Learn how to use water balloons for a super fun snow painting activity. Perfect as part of your planned winter activities for preschoolers, or as an impromptu snowy surprise.
Related: Winter Process Art
Oh, this activity is just chock full of awesomeness. If I do so say, myself!
Tons of snowy fun? ✔
Process art? ✔
Open-ended messy play? ✔
Exploring science through art? ✔
As you can see, there is so much goodness packed into what is, inherently, a very simple activity. That’s a win in my book!
If you live where it snows, this is a wonderful process art activity to keep in your back pocket.
Grab the supplies ahead of time and keep them at the ready for your next snowfall. Then grab the kids and get everything ready to go. It won’t take too long.
Water Balloon Painting Materials
You just need a few supplies for this snow painting activity (I may get commissions for purchases made through links in this post):
- Water balloons
- Food coloring (you can also use liquid watercolors)
- Bucket or pan
And that’s really it! You can test out if you prefer water balloons or regular balloons for this activity. That’s really up to personal preference, as well as the age of the kids you work with.
Getting the Water Balloons Ready
Before we jump into the snow painting directions, I do want to touch on the use of food coloring. Just keep in mind that clothes and other items can get stained if you’re not careful.
I suggest wearing play clothes when you’re filling up the water balloons. This way, any splashes or spills are less likely to cause you problems!
Okay, now onto getting the water balloons ready for some snow painting fun!
- First, squirt a few drops of food coloring into a water balloon.
- Then place the balloon over the water faucet spout. Make sure you keep it secure – don’t let go!
- Slowly turn the water on. Again, make sure to keep ahold of the balloon.
- Fill the water balloon about halfway up with water. Do not overfill!
- Turn the water off and gently remove the balloon from the faucet.
- Finally, carefully tie the balloon and set it aside.
Repeat those steps for each of the water balloons you’d like to fill. Be sure to switch up colors! Of course, if you and the kids prefer a monochromatic look, that’s okay too.
Place all of the filled balloons in a pan or a bucket for safe transport outside.
Snow Painting Fun with Water Balloons
Now that you’ve got the water balloons all ready to go, it’s time for some snowy art fun.
Take the bucket of colorful water balloons outside. Before letting the kids get their hands on the balloons, be sure to explain your expectations.
For example, the snow painting water balloons are just for painting the snow. This means the balloons are only thrown at the snow (as opposed to buildings or other people).
Related: Catapult Painting
You’ll also want to show the children how to toss the balloons up and AWAY from themselves. Depending on the ages of your students, you can practice this with some beanbags or balls ahead of time.
Once the children understand what to do, let them play and paint in the snow.
Encourage the children to experiment with different ways to create with the water balloons. What happens when they toss the balloons higher into the air? What about if they throw the balloons farther across the yard? Does the height of the person impact the size/shape of the resulting splat?
You can even break out a step ladder like we did with our (non-snowy) splat art. I’d only suggest doing this if you have a safe place and sturdy surface to set up the ladder.
Observe and assist the children as they’re snow painting with the balloons. You’ll definitely hear a lot of giggles and see some enthusiastic artists. There might be some thoughtful questions and a few, “What if we try this . . .?”
Related: Melting Snowman Science Activity
If you and the kids try this out, be sure to let me know how your snow painting endeavors go!
Clean Up Tips
We can’t touch on a messy art activity without talking cleanup, can we?
Preparation is key of course.
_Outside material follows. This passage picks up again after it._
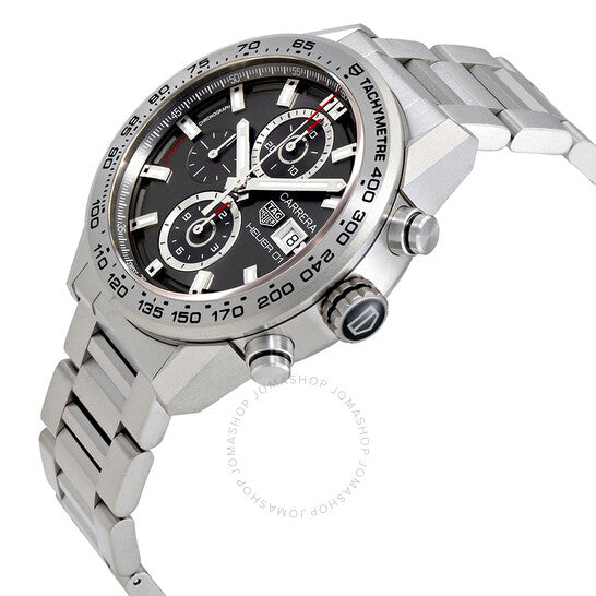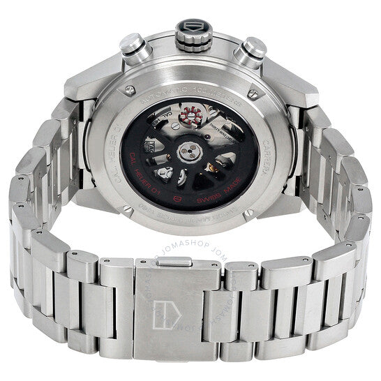 علبة تيتانيوم رمادية اللون مع سوار تيتانيوم فضي اللون. إطار تيتانيوم رمادي بمقياس سرعة دوران ثابت. ميناء رمادي اللون مع عقارب وعلامات ساعات فضية مضيئة. علامات دقائق حول الحافة الخارجية. نوع الميناء: تناظري. عقارب وعلامات مضيئة. عرض التاريخ عند موضع الساعة 3. كرونوغراف - ثلاثة أقراص فرعية تعرض: 60 ثانية، 30 دقيقة، و12 ساعة. حركة أوتوماتيكية من طراز TAG Heuer Calibre 01، مبنية على طراز TAG Heuer Calibre 1887، تحتوي على 39 جوهرة، تنبض بمعدل 28800 ذبذبة في الساعة، ولديها احتياطي طاقة لمدة 50 ساعة تقريبًا. كريستال ياقوت مقاوم للخدش. تاج قابل للسحب/الدفع. غطاء خلفي شفاف. شكل دائري، حجم العلبة: 43 مم. قابلة للطي بمشبك بزر ضغط. مقاومة للماء حتى عمق 100 متر / 330 قدمًا. الوظائف: كرونوغراف، مقياس سرعة دوران، عجلة عمودية، التاريخ، الساعات، الدقائق، الثواني الصغيرة. سلسلة كاريرا. ساعة فاخرة. علامة الساعة: صناعة سويسرية. ساعة تاغ هوير كاريرا كرونوغراف أوتوماتيكية للرجال، مينا رمادي، CAR208Z.BF0719.

So wearing play clothes and teaching the kids to throw the water balloons away from themselves and others is a great place to start.
Once all of the water balloons have been depleted, encourage the kids to go gather the balloon pieces. You don’t want any stray animals to ingest them after the fun is done.
You can definitely make this into a game! “How many pieces can you pick up in 1 minute?” “You find all the pink pieces, and I’ll grab all the green pieces.”
As the snow melts, the water should melt away most of the colorful mess. You can hose things down a bit if you need to, once the weather is a little bit warmer.
More Snow Painting Ideas
If your students loved the water balloon snow painting activity, I bet they’ll get a kick out these ideas, too:
- Make your own snow paint by mixing liquid watercolors or food coloring with water in condiment squeeze bottles. Let the kids draw and write in the snow.
- Pour your snow paint into spray bottles. The kids can spray paint in the snow!
- Use your homemade snow paint to paint creatures built out of snow.
- Break out some cookie cutters and paint for some snow art.
- Incorporate the snow INTO paint for the children to create with.
- Bring the snow inside for some sensory art.
What are some of your favorite snow painting activities?